Requirement:
Please print the line that holds "- Bu işlemi" and each line after it to the end of the data, word for word, without any pictures.

Given data:
● ● ● ● ● ● ●

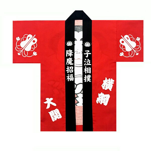 【祭り小物】【その他】【その他】 子ども相撲 子泣きすもう【お祭り 祭り 祭り用品 祭り衣装 祭衣装 まつり matsuri】● 関連キーワード祭り 小物 、祭 衣装 、お祭り衣装 、祭り衣装 、祭り 、子供半纏 こどもはっぴ 子ども用半天 、祭り 衣装 女性用 、お祭り用品 、祭り用品の専門店橋本 、お祭り「子泣き相撲」は長崎県で節分の日に行われる伝統行です。 現在は赤ちゃんの健康を願うイベントとして日本各地で開催されるようになりました。 この半纏はその願いを込めて作られたイベント用のもので可愛らしい関取のキャラクターをあしらった半纏です。 【日本製】 リーズナブルなお値段で、保育園様や福祉施設様など団体のお客様に大変ご好評いただいております。 サイズ身巾 約33cm 袖巾 約11cm 身丈 約47cm色赤柄
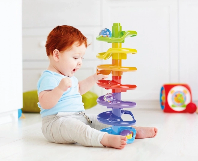 Spiral Tower indeholder store og farverige dele, der er sikre for små børn. Således kan de trygt lege og udvikle deres sensoriske opfattelse.
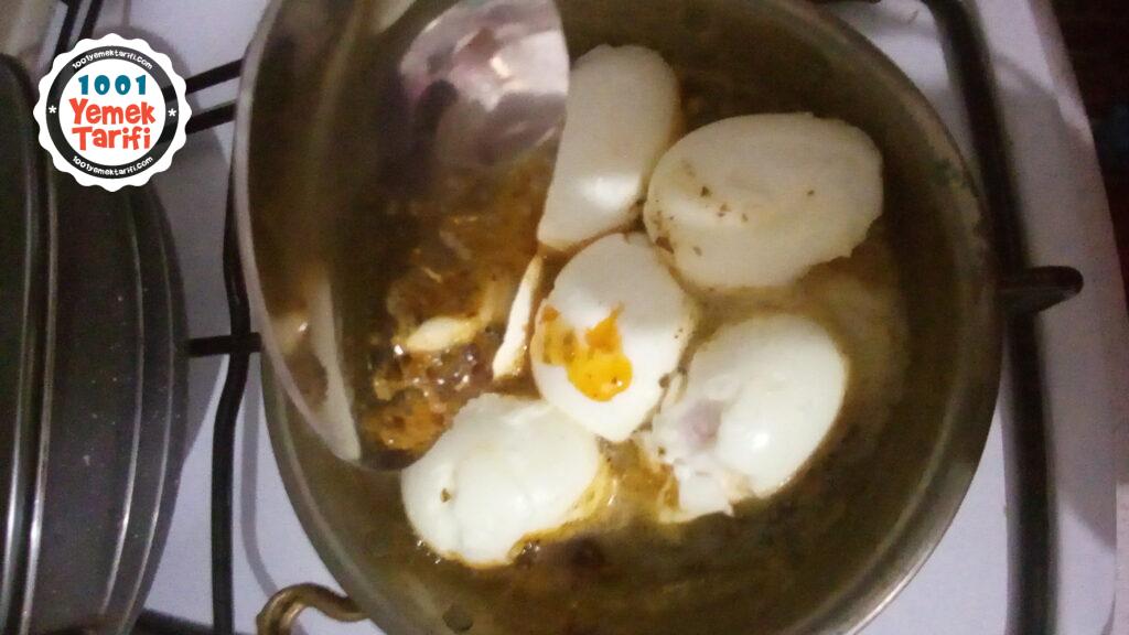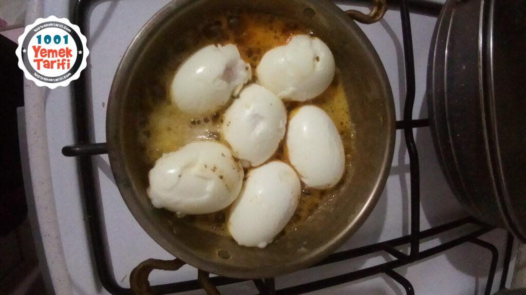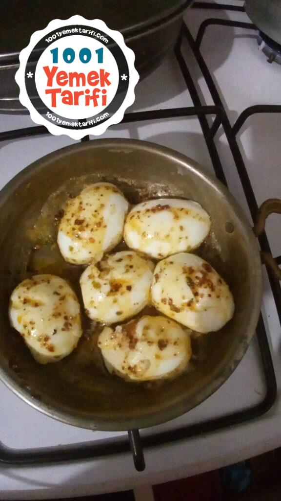 - Bu işlemi tüm yumurtaların üstü tereyağlı sos ile kaplanıncaya kadar devam edelim.
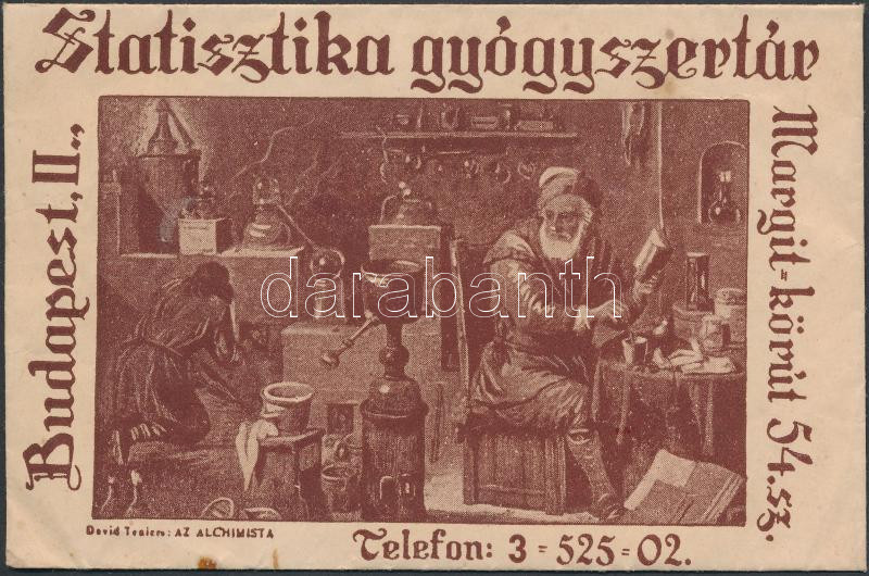 Leírás: 1942 dr. Dax Albert nyug. közkórh. főorvos receptje "Statisztika" gyógyszertári borítékban
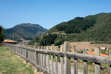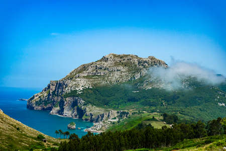 Landscape with a small village, hill, forest, sea and blue sky with clouds. Basque Country, Spain. Camino de Santiago
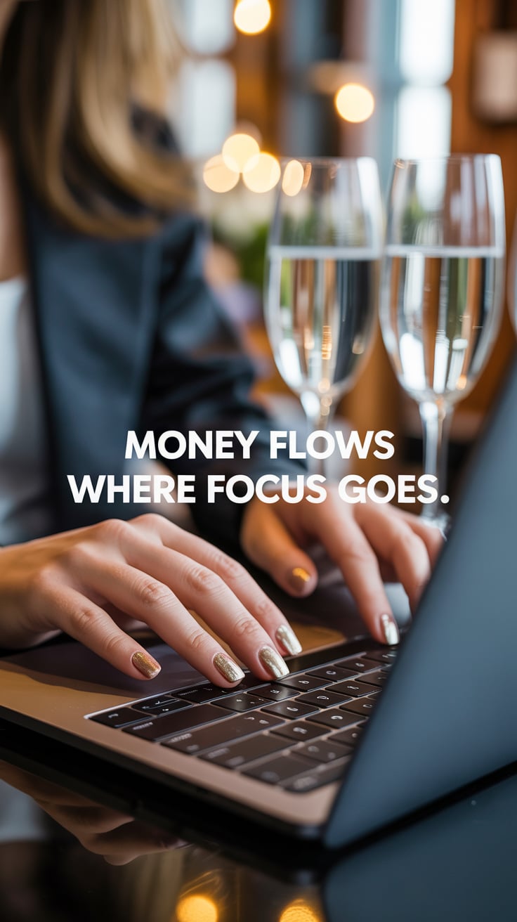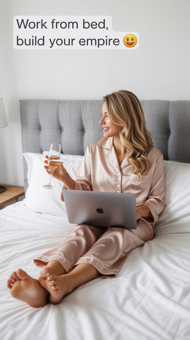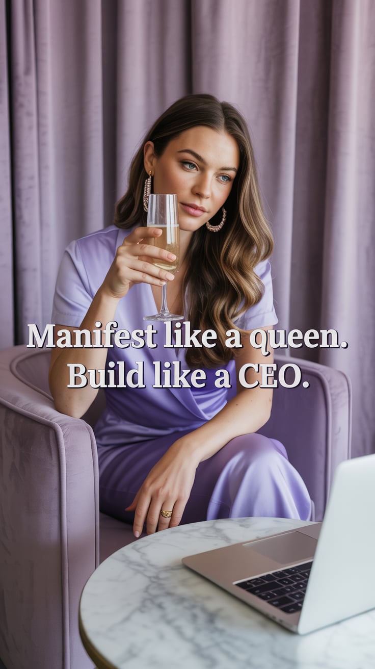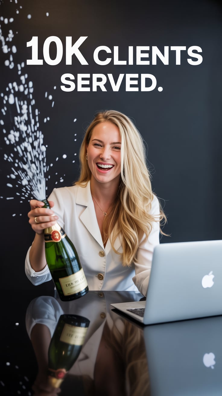 An editorial portrait of a (skin tone) female popping champagne with a glowing laptop beside her. Ov...
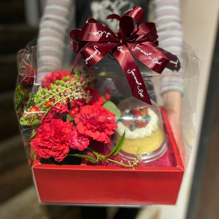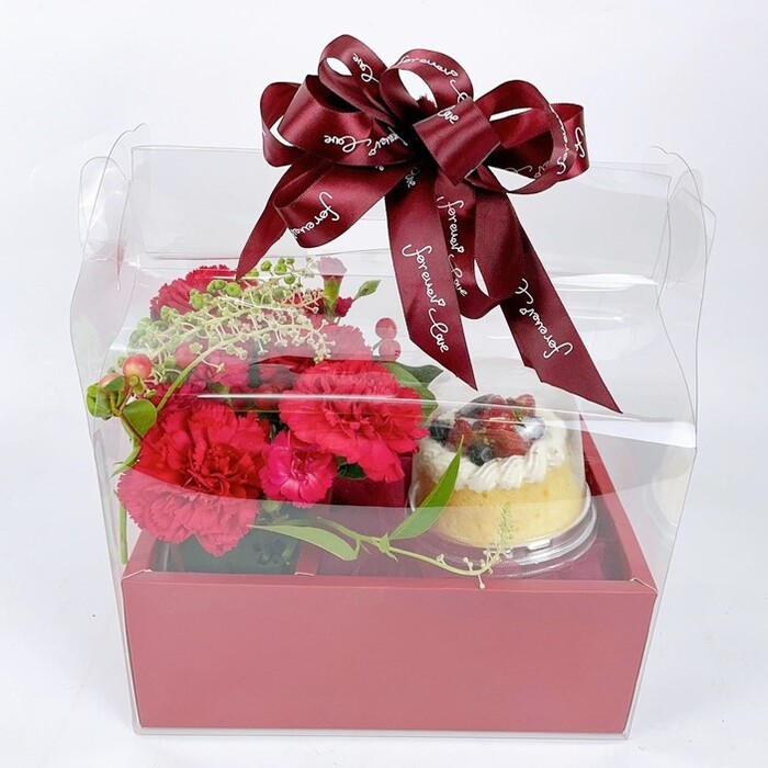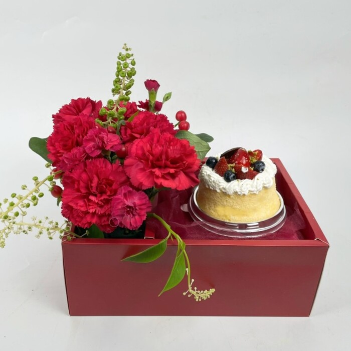 進口大康乃馨5朵提盒設計+三吋母親節蛋糕

● ● ● ● ● ● ●

Output for this task:
 - Bu işlemi tüm yumurtaların üstü tereyağlı sos ile kaplanıncaya kadar devam edelim.
 Leírás: 1942 dr. Dax Albert nyug. közkórh. főorvos receptje "Statisztika" gyógyszertári borítékban
 Landscape with a small village, hill, forest, sea and blue sky with clouds. Basque Country, Spain. Camino de Santiago
 An editorial portrait of a (skin tone) female popping champagne with a glowing laptop beside her. Ov...
 進口大康乃馨5朵提盒設計+三吋母親節蛋糕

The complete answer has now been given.